Profile: Delaware Senator Chris Coons


WASHINGTON — Senator Chris Coons (D-DE) has been a senator for almost nine years now, having been sworn into office on November 15, 2010. Since then, Coons has been a champion for foreign aid policies and is one of the most vocal proponents of the numerous benefits that foreign aid policies have to offer.

According to Sen. Coons’s website, he believes that America has both the capability and responsibility to play a lead role in foreign affairs. He believes that the goals of America’s foreign policy should be to minimize threats, maximize resources and protect and advance America’s interests. Coons stresses that foreign aid can be used to achieve these goals as it promotes stability, deters terrorism and supports allies.

Committee and Subcommittee Positions

In order to be more actively involved in America’s foreign policy, Senator Coons began serving as a member of the Senate Foreign Affairs Committee during the 113th Congress. He has continued to serve as a member of the Foreign Affairs Committee through the 114th, 115th and 116th Congress.

Coons has also served as chair on the Subcommittee on African and Global Policy in order to promote trade, investment, governance and security with African countries. Coons has leveraged his position as co-chair of the Human Rights Caucus to promote good governance and strengthen democratic institutions in Africa to protect the interests of African people. Coons has also shown concern for healthcare in Africa and has risen to the position of co-chair of Senate Caucus on Malaria and Neglected Tropical Diseases.

Proposed and Sponsored Legislation

Senator Chris Coons has used his various committee and subcommittee positions to sponsor numerous acts and initiatives relating to foreign aid. He has demonstrated a strong focus on building mutually beneficial relationships with sub-Saharan Africans by promoting trade and investment with numerous African countries.

Coons has also been a vocal supporter of foreign assistance to other countries, particularly for healthcare and hunger issues. Listed below are six acts and initiatives that he has sponsored (or co-sponsored) or that have been advanced with Coons’ direct support through the committees and subcommittees that he serves on. All of them are directed towards issues of foreign aid and assistance.

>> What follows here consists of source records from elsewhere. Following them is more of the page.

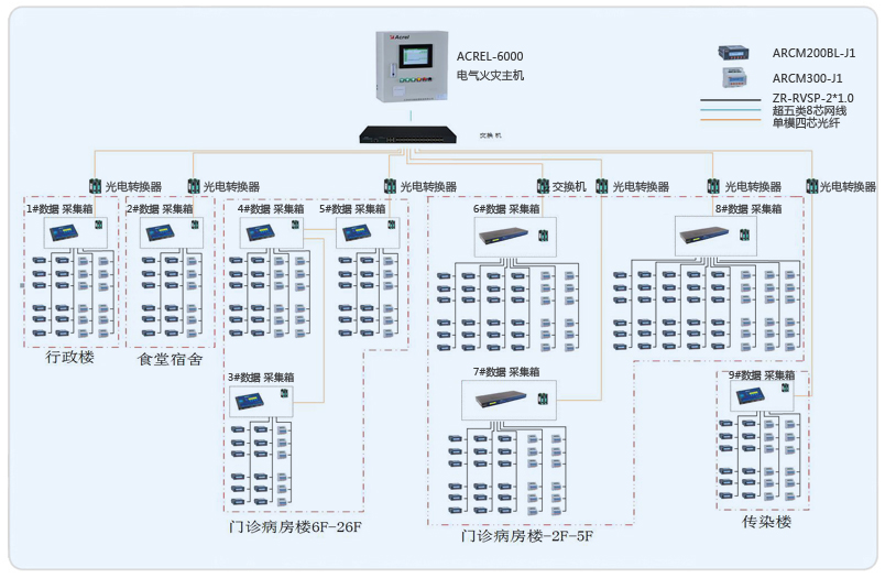 系统采用Acrel-6000电气火灾监控系统,整个系统采用网络分布式结构,监控主机位于消控中心值班室门诊一层,其余9个数据采集箱分布在行政楼、门诊病房楼、食堂宿舍楼、感染楼,现场采用安科瑞ACRM系列漏电火灾仪表。所有监控设备均通过屏蔽双绞线至各自数据采集箱的通讯管理机,再通过光电转换器经过光纤将数据传输至消控中心值班室门诊一层,从而实现远程监控。
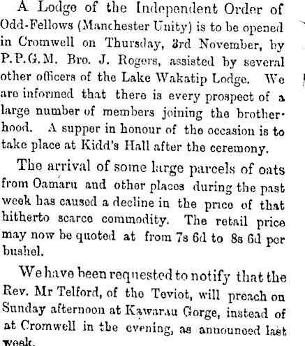 A Lodge of the Independent Order of Odd-Fellows (Manchester Unity) is to be opened " in Cromwell on Thursday, 3rd November, by P.P.G.M. Bro. J. Rogers, assisted by several other officers of the Lake Wakatip Lodge. We / are informed that there is every prospect of a large number of members joining the brotherhood. A supper in honour of the occasion is to take place at Kidd's Hall after the ceremony. The arrival of some large parcels of oats from Oamaru and other placos during the past week has caused a decline in the pnco of that hitherto scarce commodity. The retail price may now be quoted at from 7s 6d to 8a fid per bushel. We have heen requested to notify that the Rev. Mr Telford, of the Toviot, will preach on Sunday afternoon at Kawarau Gorge, instead of at Cromwell in the evening, as anuounoed last ivoek.
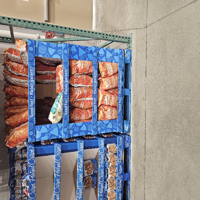 Two blue pallets are stacked. The top pallet holds bags of Sun Chips. The phrase "Good fun! Plaisir garanti!" is printed on the blue sides of the pallet. The bottom pallet holds boxes of Pretzel Crisps. The phrase "Pretzel Crisps" is printed on the blue sides of the pallet. The pallets are situated within a warehouse setting, near a gray concrete wall. Metal racking is visible above the pallets.
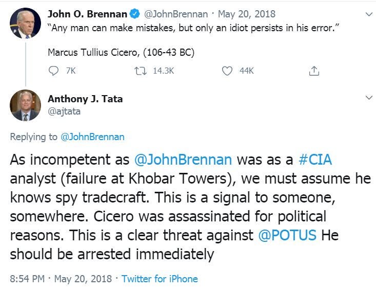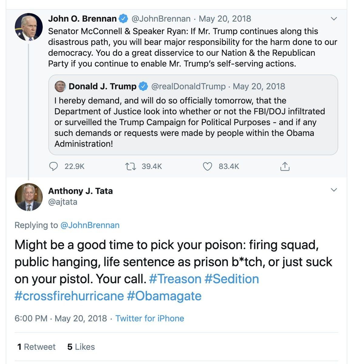 Tata has never had a civilian job in national security. (Since retiring from the Army, he has, in addition to his gig on Fox News, been a school administrator and the transportation secretary for North Carolina.)
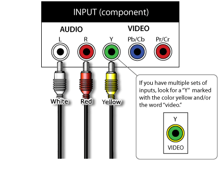 My Flatscreen TV has 5 ports! Enough for a component cable! (image shown is from nintendo showing a composite, but in the thing it shows enough ports for component)
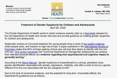 The great state of Florida Department of Health just issued very clear guidelines against transitioning of children with hormones or surgery.
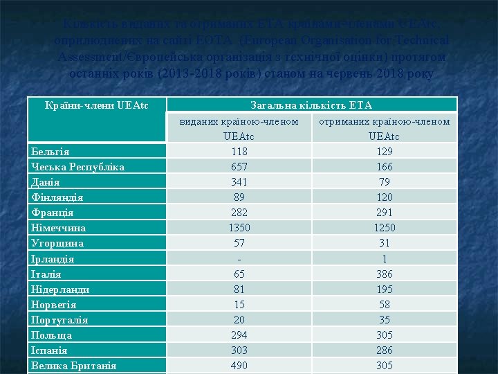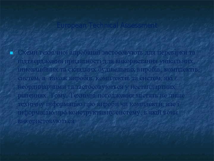 Regulatory documents DBN V. 2. 6 -33: 2018, DSTU B V. 2. 6 -34: 2008, DSTU B V. 2. 6 -35: 2008, DSTU B V. 2. 6 -36: 2008, DSTU B V. 2. 6 -88: 2009 Mandatory requirements for reliability parameters of faсade thermal insulation DBN B. V. 2. 6 -33 Classification of systems : ETICS Suspended faсades Transparent facades DSTU B. V. 2. 634 Procedures of technical assessment and monitoring DSTU B. V. 2. 6 -88 Requirements for ETICS kits and test methods Requirements for suspended façade kits and test methods DSTU B. V. 2. 6 -35 pr DSTU-N B ETAG 004 DSTU B EN 13830 DSTU-N B ETAG 17
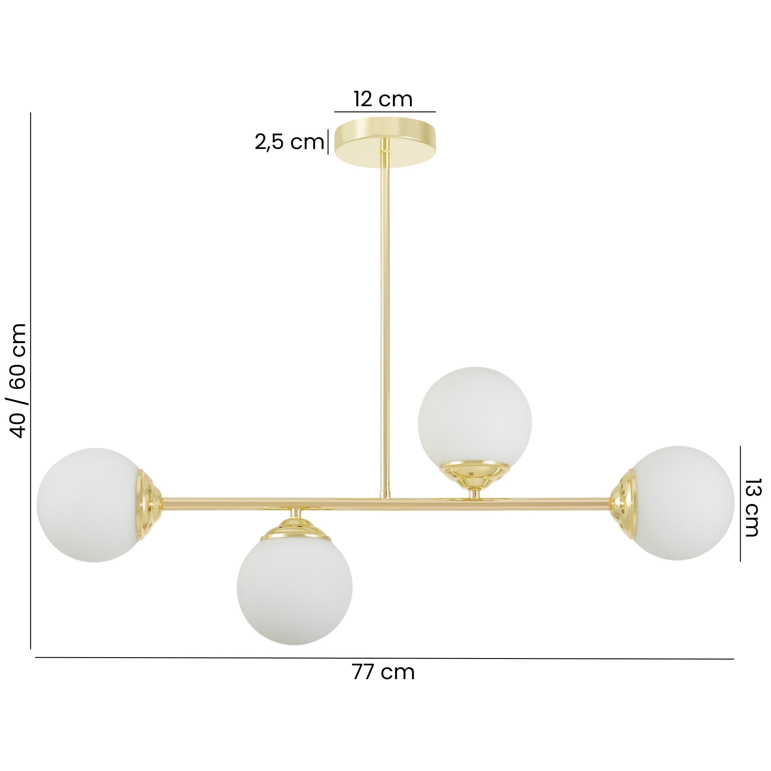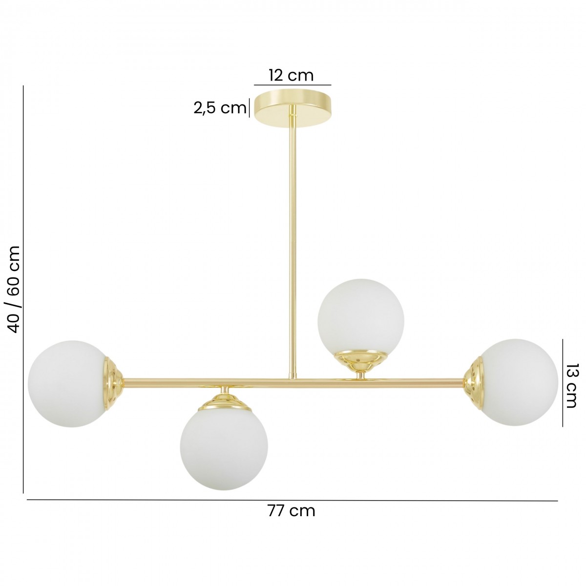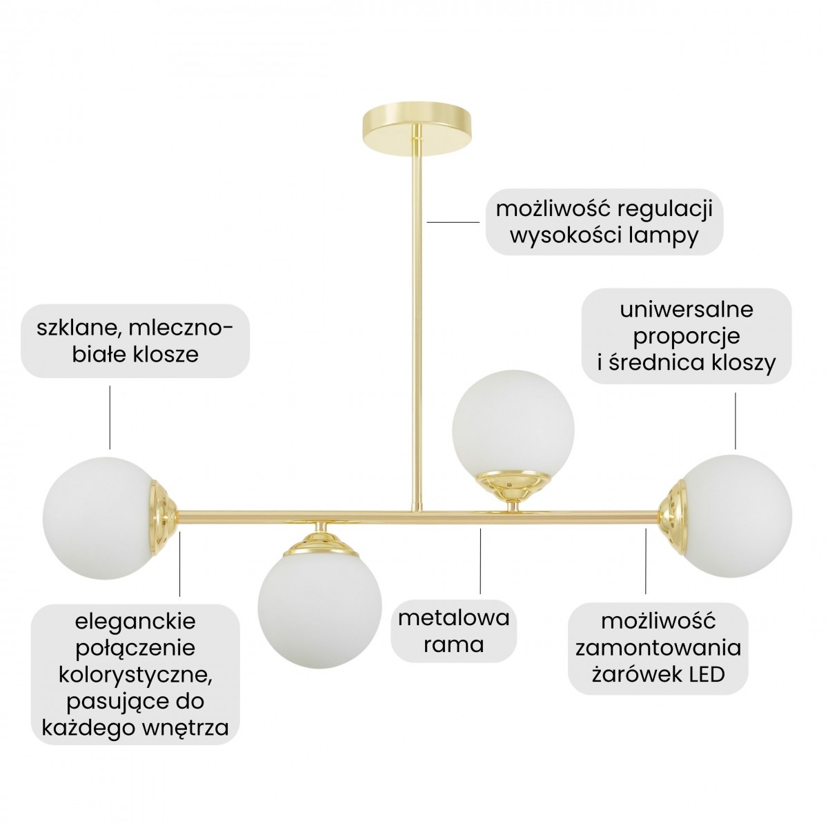 FINO W4 w kolorze klasycznego złota to nowoczesna lampa wisząca, która doskonale odnajduje się w różnych przestrzeniach domowych. Jej forma oparta na czterech kloszach z mlecznego szkła daje miękkie, przyjemne dla oczu światło, które sprzyja codziennym czynnościom i wieczornemu odpoczynkowi.
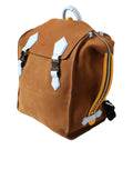 Brown Yellow Suede Leather Logo Backpack Bag
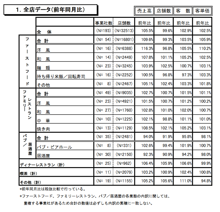 唯一マイナスだったのは、このところ不調が続いているパブ・居酒屋業態▲6.0%。これも内訳はパブが売上高2.6%プラスと健闘しているので、居酒屋が足を引っ張っている状態だ。
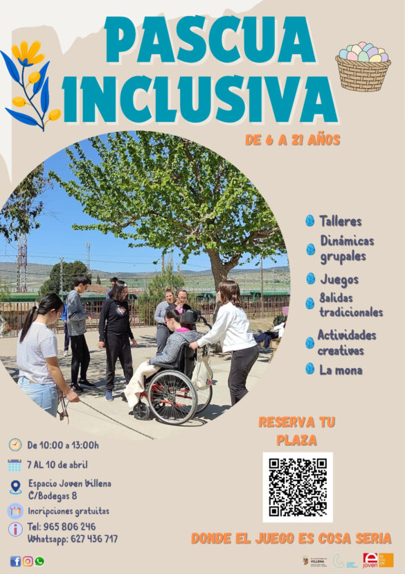 En este sentido, se ha organizado el programa Pascua Inclusiva, destinado a menores de entre 6 y 21 años con discapacidad y que articula una serie de actividades adaptadas a las necesidades grupales e individuales de los menores inscritos. Pascua Inclusiva se desarrollará entre el 7 y el 10 de abril, en horario de mañana desde las 10.00 hasta las 13.00 horas para un cupo máximo de 20 participantes.
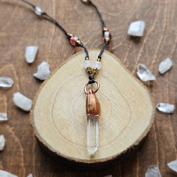 Ręcznie tworzony naszyjnik – kryształ górski z koralikami . Całość oprawiona własnoręcznie czystą miedzią.
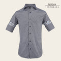 Camisa Cuadra para caballero. Presenta estampado de azulejos artesanales. Con botones en mangas y al frente. Hecha 100% de algodón.

  • African Growth and Opportunity Act (AGOA)- In 2015, Coons was able to get a 10-year reauthorization for the African Growth and Opportunity Act. This act assists in the economic development of African countries and encourages the construction of free markets. This act has been mutually beneficial to both the United States and sub-Saharan African countries. In 2017, there was a 5.8 percent increase in trade. The top goods the United States exports to sub-Saharan Africa include machinery, vehicles and electrical machinery.
  • Electrify Africa Act- Coons spearheaded the Electrify Africa Act, an act designed to provide 50 million Africans with access to electricity by leveraging private sector loan resources by providing guarantees for the loans. This initiative will also stimulate economic growth for African countries. The bill was met with unanimous support from both parties in Congress. It plans to make energy more accessible to African countries, which should assist with their development.
  • Young African Leadership Initiative (YALI)- This program brings young Africans to the United States for work experience. The act includes access regional leadership centers and the Mandela Washington Fellowship. The predominant objective of this act is to assist young people in achieving independence through academic coursework, leadership training and networking. The bill has remained effective as 700 young Africans were given the opportunity to boost their skill sets in 2019.
  • Foreign Aid Transparency and Accountability Act- Co-sponsored by Coons, this act has called for a reorganization of the reporting and evaluating of current U.S. foreign assistance programs to ensure proper use of finances for solving issues of hunger and poverty. This bill provides guidelines that include monitoring resource use, evaluating outcomes and impacts for foreign policy plans and applying findings and conclusions to improve current programs.
  • Global Food Security Act- This act invests in improving both farmer productivity and nutrition for women and children. It has proven successful and helped improve the livelihood and productivity of seven million farmers worldwide. This act calls for a course of action that includes developing a comprehensive food security strategy and improving coordination among U.S. federal agencies. It will aslo put stronger reporting, oversight and accountability measures into place.
  • Reach Every Mother and Child Act- This act is one of Coons’s current projects to invest in ending infant and child mortality and improve maternal care. This act has had bipartisan support and was co-sponsored by Sen. Susan Collins (R-ME). It has the capacity to save or assist 15 million children and 600,000 mothers by 2020 by improving coordination in U.S. agencies and current policies relating to maternal and newborn health.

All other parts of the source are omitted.